● How to complete this task:
Quote all entries exactly, leaving pictures aside.

-- Opening Marker --

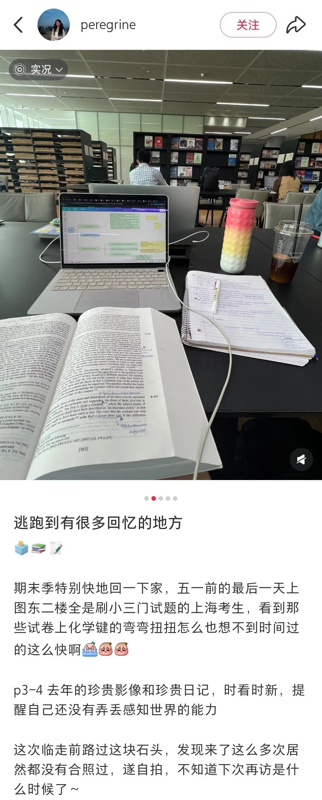 今年五一假期,小红书读者@peregrine作为上海考生,在东馆二楼狂刷小三门的试题。相册里去年在东馆自习的照片和日记也在提醒着自己:“我还没有弄丢感知世界的能力。”
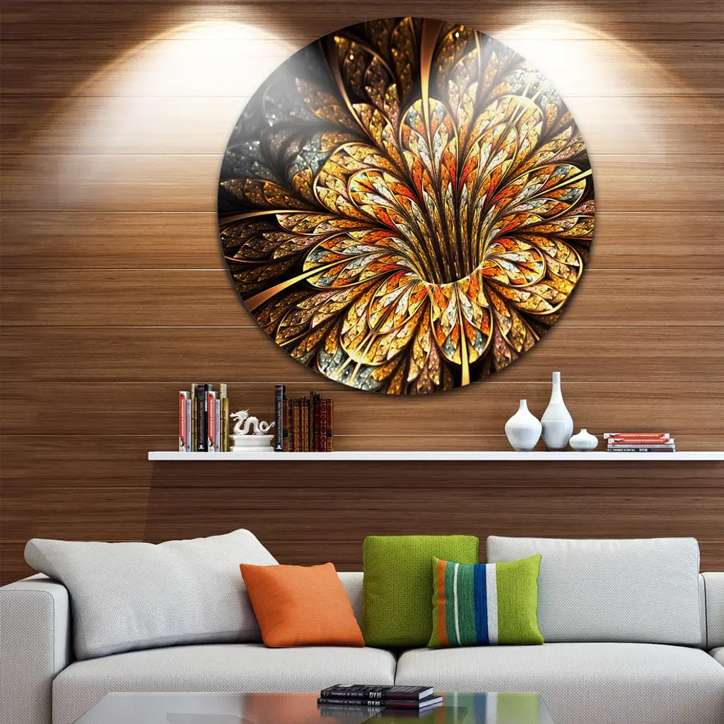 Bring Contemporary Abstraction to your home with this large Circle Metal wall art. This Golden Shiny Fractal Flower Metal Artwork makes it the focal point of any room or office. - White Gloss Coating ensures colors are extra vibrant with light reflection.- Aluminum grade Sheet Metal with 1 inch mounting frame on the back giving the illusion that the artwork is floating on the wall..- Mounting Brackets are included along with instructions.- High Quality Digital images are created directly into a glossy aluminum panel producing a stunning and captivating print into the glossy finish of the metal.- Water, Fire and Scratch resistant HD Aluminum panels.- Looks better than any photo paper and guaranteed to last at least 20 years- Easy to clean with a microfiber cloth. Colors are far superior to regular Canvas Art. - Easy to Hang
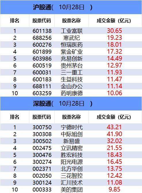沪深股通今日合计成交2371.33亿,其中工业富联和宁德时代分居沪股通和深股通个股成交额首位。板块主力资金方 面,国防军工板块主力资金净流入居首。ETF成交方面,黄金基金ETF(518800)成交额环比增长198%。期指持仓 方面,IC、IM合约空头减仓数量大于多头。龙虎榜方面,中钨高新获两家实力游资(国泰海通证券上海江苏路和华 鑫证券江苏分公司)分别买入1.03亿元和8871万元。恒宝股份获四家机构买入1.93亿,却遭深股通席位卖出1.04亿, 遭国泰海通证券上海新闸路席位卖出1.25亿,国泰海通证券上海中山东路卖出8309万。 一、沪深股通前十大成交 今日沪股通总成交金额为1170.01亿,深股通总成交金额为1201.32亿。 | | | 沖股通( 10月28日 œ | | | --- | --- | --- | --- | | 排名 | 股票代码 | 股票名称 | 成交金额(亿元) | | 1 | 601138 | 工业富联 | 30.65 | | 2 | 688256 | 寒武纪 | 19.23 | | 3 | 600276 | 日瑞失药 | 18.01 | | 4 | 668109 | 亲受处,不 ...
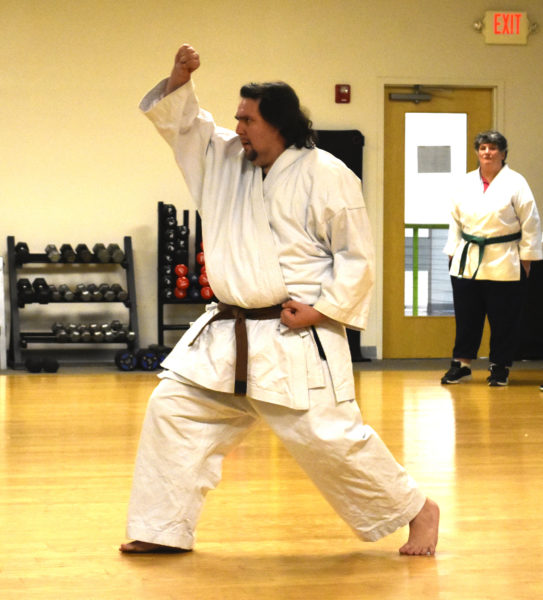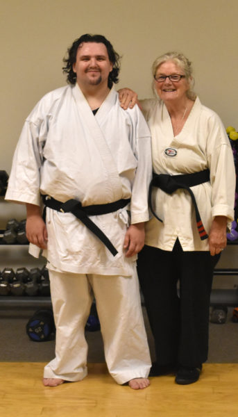 Ben Olmstead was presented with a black belt by sensei Linda Porter during a Mobius martial arts class at the Central Lincoln County YMCA on Sept. 3 in Damariscotta. Before tying on the black belt in a ritual with his teacher, Olmstead demonstrated his martial arts skills in front of Porter, classmates, friends and family that had gathered at the ceremony.
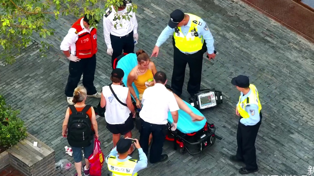 昨天,新天地景区内人潮涌动,热闹非凡。记录仪显示,民警徐时达在巡逻过程中,注意到一名金发碧眼、脸色苍白的外籍女子无力地瘫坐在花坛旁。女子身旁散落着购物袋,周围满是带血迹的纸巾,情况十分严重。徐时达立即用英语询问女子状况,并得知她来自荷兰,是一名刚上大学的学生,此次专程来上海旅游。

-- Closing Marker --

● Finished exercise:
 今年五一假期,小红书读者@peregrine作为上海考生,在东馆二楼狂刷小三门的试题。相册里去年在东馆自习的照片和日记也在提醒着自己:“我还没有弄丢感知世界的能力。”
 Bring Contemporary Abstraction to your home with this large Circle Metal wall art. This Golden Shiny Fractal Flower Metal Artwork makes it the focal point of any room or office. - White Gloss Coating ensures colors are extra vibrant with light reflection.- Aluminum grade Sheet Metal with 1 inch mounting frame on the back giving the illusion that the artwork is floating on the wall..- Mounting Brackets are included along with instructions.- High Quality Digital images are created directly into a glossy aluminum panel producing a stunning and captivating print into the glossy finish of the metal.- Water, Fire and Scratch resistant HD Aluminum panels.- Looks better than any photo paper and guaranteed to last at least 20 years- Easy to clean with a microfiber cloth. Colors are far superior to regular Canvas Art. - Easy to Hang
沪深股通今日合计成交2371.33亿,其中工业富联和宁德时代分居沪股通和深股通个股成交额首位。板块主力资金方 面,国防军工板块主力资金净流入居首。ETF成交方面,黄金基金ETF(518800)成交额环比增长198%。期指持仓 方面,IC、IM合约空头减仓数量大于多头。龙虎榜方面,中钨高新获两家实力游资(国泰海通证券上海江苏路和华 鑫证券江苏分公司)分别买入1.03亿元和8871万元。恒宝股份获四家机构买入1.93亿,却遭深股通席位卖出1.04亿, 遭国泰海通证券上海新闸路席位卖出1.25亿,国泰海通证券上海中山东路卖出8309万。 一、沪深股通前十大成交 今日沪股通总成交金额为1170.01亿,深股通总成交金额为1201.32亿。 | | | 沖股通( 10月28日 œ | | | --- | --- | --- | --- | | 排名 | 股票代码 | 股票名称 | 成交金额(亿元) | | 1 | 601138 | 工业富联 | 30.65 | | 2 | 688256 | 寒武纪 | 19.23 | | 3 | 600276 | 日瑞失药 | 18.01 | | 4 | 668109 | 亲受处,不 ...
 Ben Olmstead was presented with a black belt by sensei Linda Porter during a Mobius martial arts class at the Central Lincoln County YMCA on Sept. 3 in Damariscotta. Before tying on the black belt in a ritual with his teacher, Olmstead demonstrated his martial arts skills in front of Porter, classmates, friends and family that had gathered at the ceremony.
 昨天,新天地景区内人潮涌动,热闹非凡。记录仪显示,民警徐时达在巡逻过程中,注意到一名金发碧眼、脸色苍白的外籍女子无力地瘫坐在花坛旁。女子身旁散落着购物袋,周围满是带血迹的纸巾,情况十分严重。徐时达立即用英语询问女子状况,并得知她来自荷兰,是一名刚上大学的学生,此次专程来上海旅游。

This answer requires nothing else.